The teenaged Tinker held up a pistol. "I can do guns, but that's not nearly as versatile…"
Taylor smiled, then focused on the sunlight, and healed her ankle. Sprained or broken, it didn't matter, and a moment later she was all right.
Then she padded to the edge of the roof, took a brief look, and ducked back as a bullet nearly removed one of her ears.
"Yeah, it's like that," Kid Win said, crawling up next to her. "I just hope they don't think of putting snipers on the roof or something…"
Taylor nodded, then frowned as she smelled something.
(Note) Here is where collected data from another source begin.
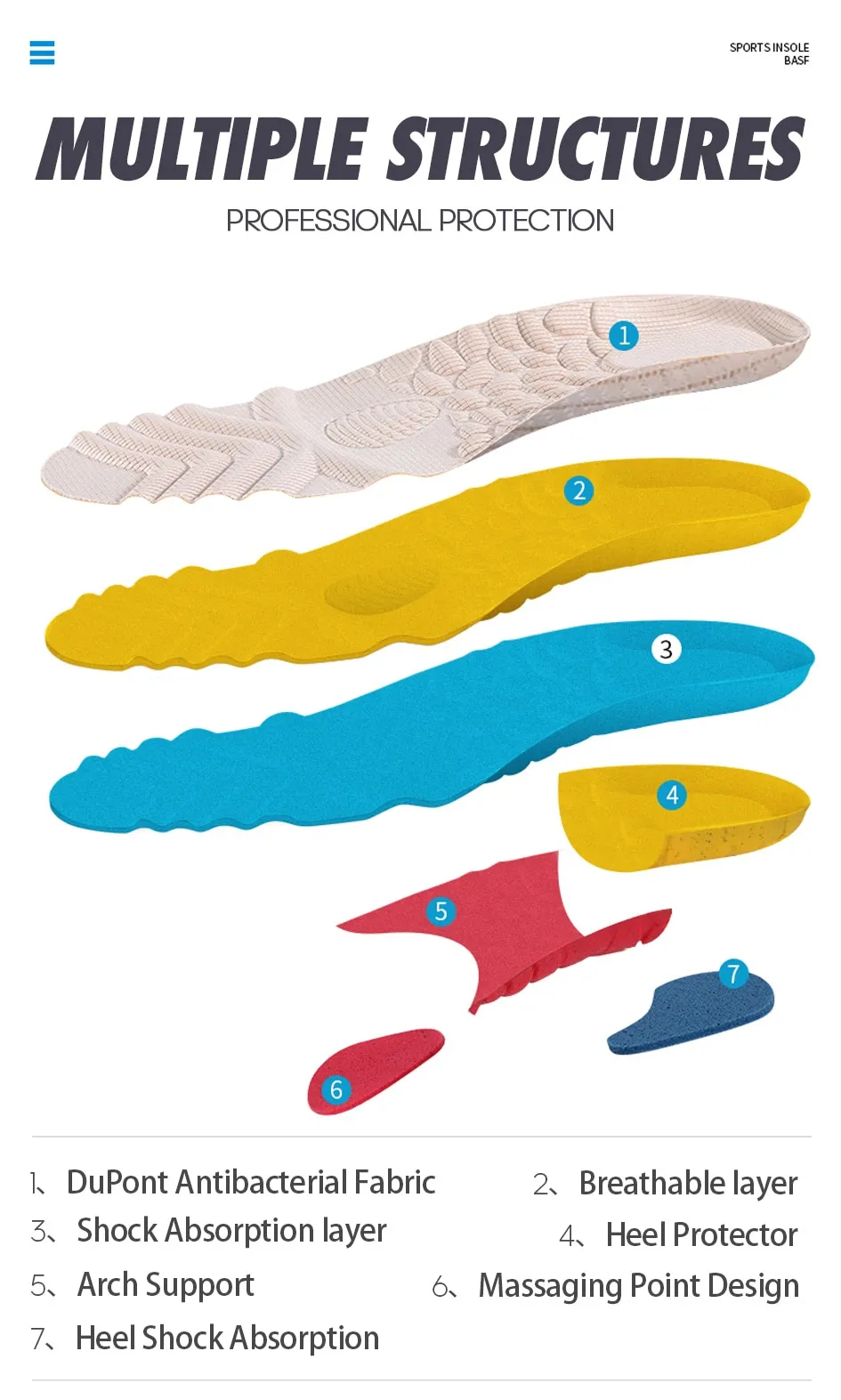Breathable and Moisture-Wicking: Designed with breathable fabrics, our insoles help keep your feet dry and cool, reducing
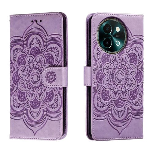 Para Vivo Y38 Sun Mandala Funda de Cuero para Teléfono con Patrón En Relieve (Púrpura)
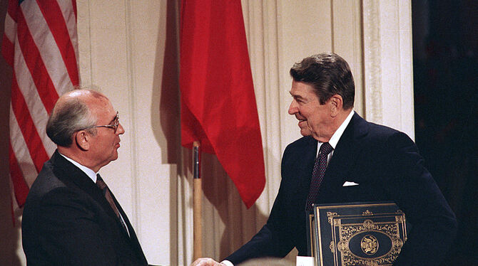 In den 1980er-Jahren schlossen die Sowjetunion und die USA Verträge zur atomaren Abrüstung. 1987 etwa unterzeichneten Gorbatschow und US-Präsident Ronald Reagan den INF-Vertrag (Vertrag über nukleare Mittelstreckensysteme).
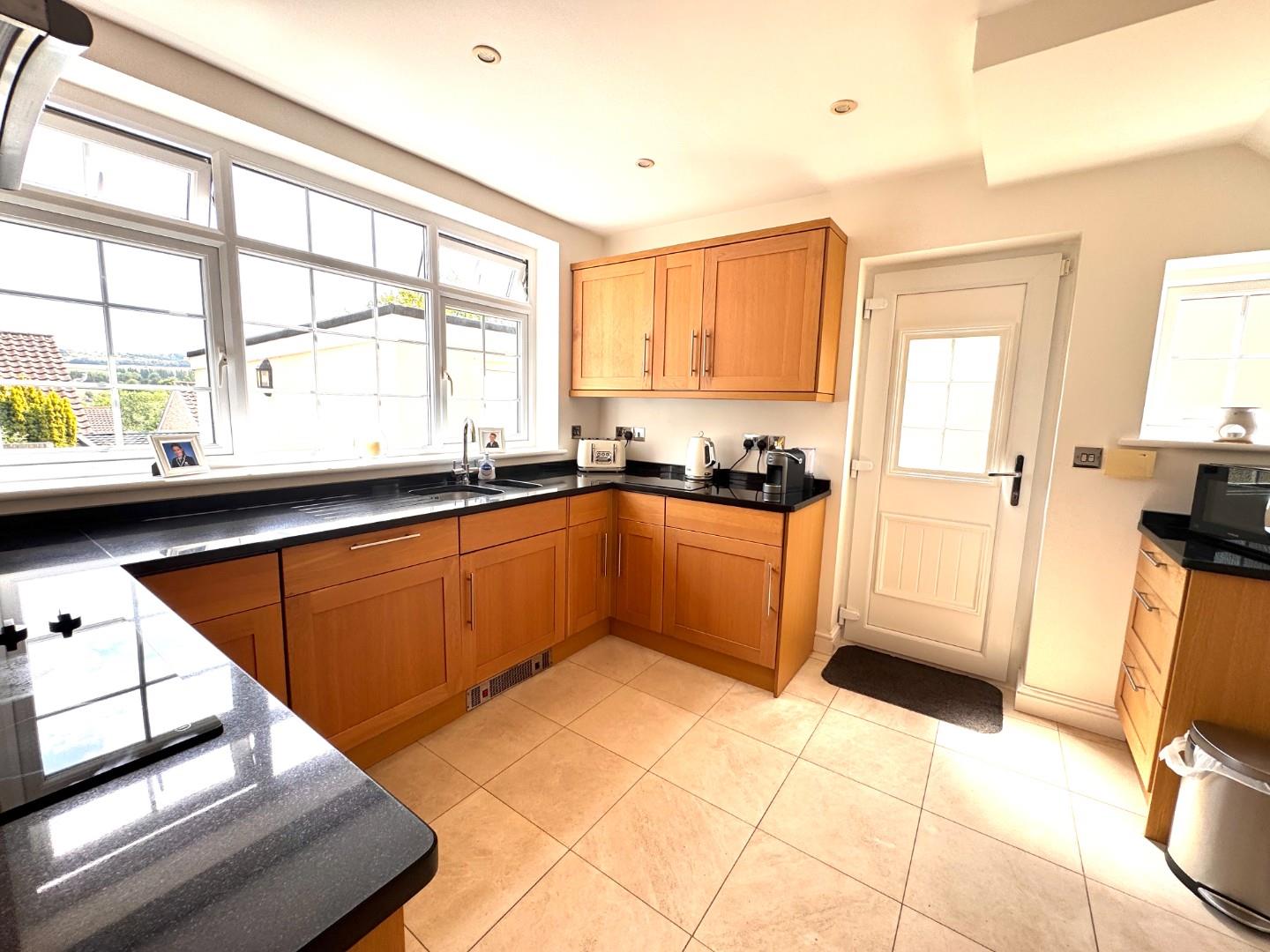 uPVC double glazed window to rear aspect, tiled flooring, uPVC double glazed pedestrian door to side aspect, uPVC obscured double glazed window to side aspect, a range of modern wall and floor units with black granite worksurfaces over, single 1/12 bowl Franke sink with mixer taps over, 4 ring electric hob with stainless steel splash back and extractor hood with light over and Neff oven and grill beneath, built in full sized dishwasher, under unit lighting, inset spots, built in fridge and freezer, built in washing machine.

She had a better sense of smell, now, but… it was weird. Something about Kid Win specifically was making her uncomfortable, but she couldn't put a finger on why.
Or a paw.
"Look, do you have anything that isn't a Mover or Changer power?" Kid Win asked. "Because it'd be really helpful if you could deal with those ABB goons?"
Taylor looked at him, then nodded – deciding to ignore her unease for now.
She flicked her tail, and a dozen multicoloured leaves appeared in mid-air. Then they flew at a nearby bit of overhang, and landed in a neat Y-shaped pattern.
As a final demonstration, she ostentatiously closed her eyes, looked away from Kid Win, and did it again. Next to the first lot.
"...okay, that's really going to help us out here," Kid Win declared. "How many of those can you do at once?"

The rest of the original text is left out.